Answer
See explanations.
Work Step by Step
a. Step 1. Given the function $f(x)=\begin{cases} x,\ rational-x \\ 0,\ irrational-x \end{cases}$,
we need to show that $\lim_{x\to0}f(x)=0$.
Step 2. For any given small value $\epsilon\gt0$, we need to find a corresponding $\delta\gt0$ such that for all $x$ in the interval of $|x|\lt\delta$, we have $|f(x)|\lt\epsilon$.
Step 3. If $x$ is irrational, $f(x)=0$ and we do not need to prove this case.

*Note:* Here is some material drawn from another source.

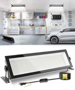 LED投光器フラッドライト120W高天井灯 作業灯 高輝度 13000lm【1200W水銀灯相当】ハイベイライト 6500K昼白色 IP66防水防塵 防寒 掲示板 体育館 展覧会 駐車場 運動場 工場照明 倉庫照明 高天井照明 屋内屋外兼用 ビーム角120度(無騒音、電磁波障害なし、防虫)【3メートルの配線付き、スイッチとプラグ付き】【PSE認証】(120W 2個)

Step 4. If $x$ is rational, let $\delta=\epsilon$, we have $|f(x)|\lt\epsilon$, $|x|\lt\epsilon$, and $|x|\lt\delta$.
Step 5. Working the above step backward, for any given small value $\epsilon\gt0$, we can find a corresponding $\delta=\epsilon$ such that for all $x$ in the interval of $|x|\lt\delta$, we have $|f(x)|\lt\epsilon$ which proves that $\lim_{x\to0}f(x)=0$.

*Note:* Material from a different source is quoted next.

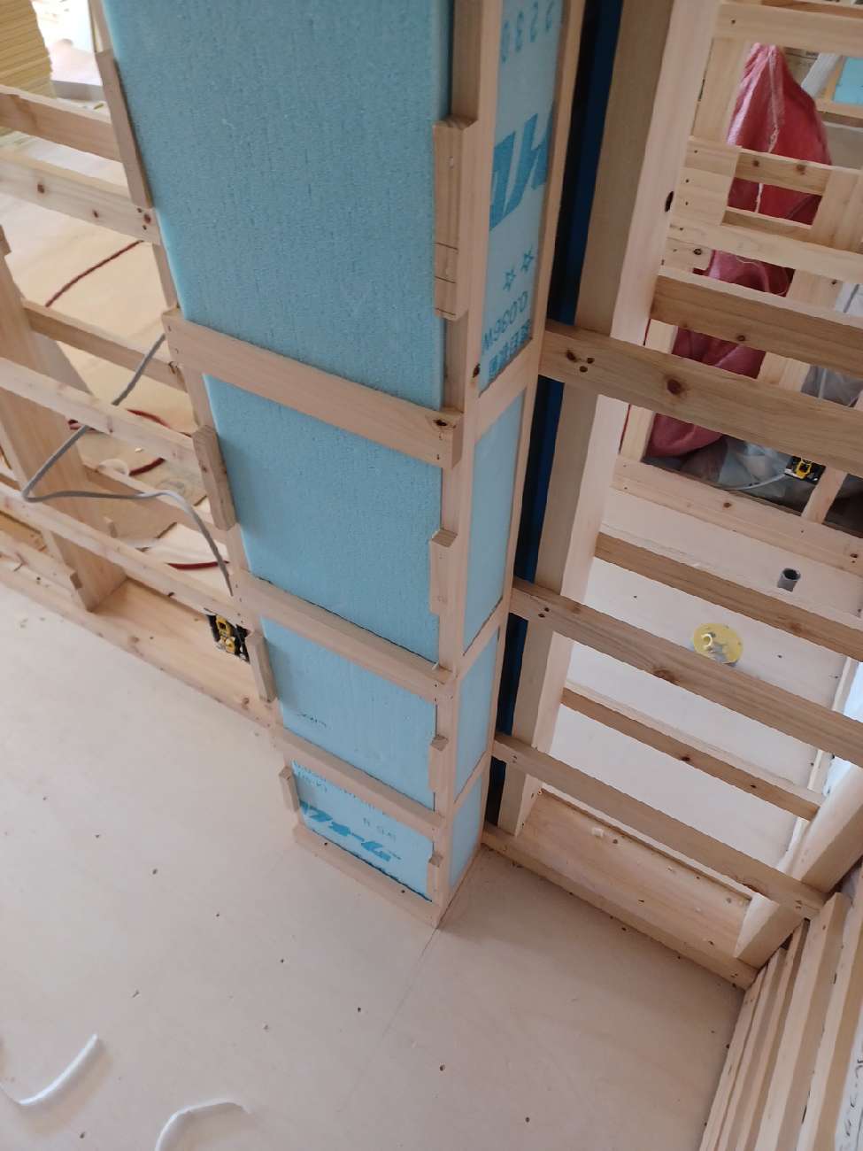 今回は鉄骨躯体の為、鉄骨柱にも断熱をつけ

b. For $x\ne0$, since every nonempty open interval of real numbers contains both rational and irrational numbers, it does not matter what value $\delta\gt0$ is; we can always find an irrational number within $(x-\delta, x)$ or $(x,x+\delta)$ such that $f(x)=x\ne0$. While at the same time, we can always find a rational number in the interval such that $f(x)=0$. Thus the limit $\lim_{x\to c}f(x)\ne0$ where $c\ne0$. This means that the function will not be continuous at $x=c$ if $c\ne0$.